Clone ou Colon
Exposition pour la Nocturne de la Rive Droite
6 au 30 juin
L’exposition: «Esthétique du divers: colonialisme et clonage» marque le retour de la maison Henriot sur la scène artistique. Un homme peut-il en dominer un autre ? Peut-il dominer la nature elle-même ? Prométhée n’est-il réellement qu’un personnage de mythe ? Telles sont les questions anciennes et toujours d’actualités que posent les bustes en céramique d’Anna Quinquaud et de Loïc Bodin.
Elles sont deux, l’une noire et l’autre blanche, comme les pièces d’un échiquier. Ce sont, de prime abord, forcément des pions, stylisés certes ; car leur destin paraît inéluctablement décidé par d’autres. De l’esclave au sauvage, de la soumission à l’expérimentation, de la colonisée à la clonée, de l’Africaine rendue servile à l’animal engendré sur commande, aucune de ces deux créatures ne peut se déclarer autonome, indépendante, insoumise.Les maîtres du jeu ne sont d’ailleurs ni Anna Quinquaud, ni Loïc Bodin, mais bel et bien les rouages d’une société de domination.
Regardons-les en respectant la chronologie. La Femme du Fouta-Djalon – cette vaste région charnière et toujours troublante de l’actuelle Guinée Conakry – a été conçue en écho à la première exposition coloniale qui s’est tenue à Vincennes, en 1931. Les peuples des colonies y ont été exhibés, tandis que, au même moment, Pierre Vérité installait sa célèbre galerie d’«art primitif» dans ses locaux d’aujourd’hui, et qu’ont fréquenté notamment tous les Montparnos. L’art tribal comme les colonisés sont à la mode et forcent la porte des ateliers d’artistes. Les uns s’abreuvent au primitivisme, les autres à l’africanisme. Ce buste d’une femme noire sans nom, parée de bijoux, sera reproduit en couverture du numéro spécial que L’Illustration consacre à l’Exposition coloniale.
Pourtant, Anna Qu
inquaud n’a rien d’une négrière des temps modernes. Elle a déjà parcouru l’Afrique, en 1925, pour remonter le cours du Niger, alors que son séjour à la Villa Médicis et son Prix de Rome lui permettaient une toute autre carrière. Et, en 1930, c’est au Fouta-Djalon qu’on la retrouve, «s’emparant» de la beauté des femmes et des enfants.L’œuvre de Quinquaud est marquée, à la lire, par le respect, l’admiration, pour cette splendeur quasi-antique à demi nostalgique.
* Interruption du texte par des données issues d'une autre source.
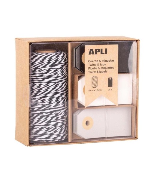 Um conjunto de fio e etiquetas para decorar presentes. ¶Combina a utilidade das etiquetas com a criatividade de um rolo de fio, oferecendo uma experiência de embrulho única.¶Além da utilização em presentes, também é adequado para artes e ofícios, floricultura, álbuns, encadernação de livros, projetos escolares...¶¶O conjunto inclui um rolo de 100 m de fio de algodão preto e branco e 30 etiquetas para pendurar em diferentes cores: preto, branco e cinzento. ¶Pode criar presentes memoráveis e encantadores, desde um embrulho elegante a enfeites criativos.¶¶Tamanho do fio 100 m x 2 mm de espessura.¶Pode ser cortado livremente de acordo com o comprimento desejado.¶¶As etiquetas medem 7 x 3,5 mm e são 10 de cada cor: preto, branco e cinza.

Paradoxalement, pour nos yeux contemporains, Anna acceptera d’orner le pavillon de l’Afrique Occidentale Française de nombre de ses sculptures.
Voyageuse infatigable, artiste entre deux mondes, elle cautionne d’une main l’exposition, et, de l’autre, transforme cette femme du Fouta-Djalon apparemment résignée en un être inasservi, libéré de la domination par sa grâce.
Loïc Bodin extirpe lui aussi Dolly de son socle – d’où son torse et ses bras semblent immerger – et donne naissance à une autre créature sous contraintes. Il la clone à son tour en une série de céramiques. Sa statuaire se démultiplie ainsi, devenant insaisissable. L’anthropozoomorphie de Dolly bascule la féminité vers un genre indéterminé, créé par les scientifiques mais affranchi d’une identité classique. Là encore, l’altérité du modèle, le traitement singulier, tout tend à extirper cette pièce du jeu d’une catégorie trop lisible.
De Quinquaud à Bodin, du Fouta-Djalon au laboratoire, unis par la patte de la Maison Henriot, le sujet et l’artiste ont renversé les forces en présence : la passivité d’origine fera de ces sculptures de redoutables interrogatrices de leurs contemplateurs et du monde qui les entoure.